State of Style Summit

I attended the inaugural State of Style Summit yesterday, hosted by fashion and style platform, StyleCaster. The event included some of the  fashion industry’s biggest influencers and tastemakers, who discussed fashion and beauty’s changing trends in the digital age. Speakers at the event included Doug Zarkin, VP of Marketing at Kellwood Company (owner of Kaplow clients XOXO, Zobha and Baby Phat), accessories and clothing designer Rebecca Minkoff and Ann Shoket, Editor in Chief of Seventeen.

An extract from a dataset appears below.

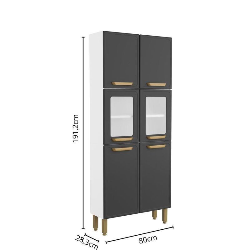Armário De Aço 6 Portas 2 Vidros Bella Bertolini Grafite BrancoA linha Bella foi feita para relembrar, imagine revisitar o passado através dos móveis da sua cozinha. São módulos no estilo vintage, que trazem praticidade, conforto e estética para o ambiente. O armário aéreo possui estrutura 100% em aço com pintura eletrostática. A mesma pintura que é utilizada em automóveis e alguns eletrodomésticos o que garante uma excelente durabilidade por proteger contra mofo, umidade e ferrugem. Esta pintura confere maior resistência a riscos e garantem maior higiene por facilitar a limpeza.Características:Marca: Bertolini MóveisLinha: BellaCondição do Item: Material: 100% AçoTipo do Móvel: ArmárioAcabamento: Pintura eletrostáticaPuxadores: Ergonômicos com proteção UVQuantidade de Portas: 6Quantidade de Portas com Vidro: 2Tipo do Vidro: TemperadoTipo da Dobradiça da Porta: MetálicaQuantidade de Volumes: 1Dimensões da Embalagem: 10,5 x 83,5 x 111,5 cmPeso da Embalagem: 28,48 kgDimensões do produto montado:Altura: 191,2 cmLargura: 80 cmProfundidade: 28,3 cmPeso: 27,08 kgOs produtos Bertolini Móveis possuem 12 (doze) meses de garantia contra de fabricação.

Here are some key takeaways:

Listen to Your Target Audience on Brand Social Pages:

One of the reasons social media users follow, like, or view brand pages is to be heard by the brand. Consumers regularly share their thoughts about what they like and don’t like about certain products or brand initiatives. Therefore, it is important for brands to listen and respond to these comments. For example, Rebecca Minkoff said she listens to consumer feedback from her social media pages when designing accessories. She once put up on Facebook a photo of a handbag she was working on and asked if it was too tough-looking. Based on consumer-response, she revised the design. Minkoff relishes the opinions of her brand advocates, because at the end of the day, they end up purchasing her products.

Accessible Aspiration – Style Experts, Models, Fashion Blogger Engagement:

When a brand partners with a well-known spokesperson to represent it, it’s important that the spokesperson engages in conversation with consumers via social media. Conversation, tips and tidbits from a style expert, celebrity, model, or blogger are considered a reward to the consumer. They appreciate the connection to these fashion figures because they are now on the same level and platform as they are, where before, these figures were inaccessible.

Consumer Experiences Help Shape a Brand’s Products:

Rebecca Minkoff discussed how the life experiences of her target audience shape the accessories she designs. For example, her best-selling “Morning After” handbag is based on the lives of women ages 20-29 who may be single, dating, or adjusting to life changes. Inside this purse is a faux business card with an image of a good-looking man and a number which connects to the Minkoff headquarters. By adding this personal touch and relating this bag to the experiences of her target audience, Minkoff adds a layer of authenticity.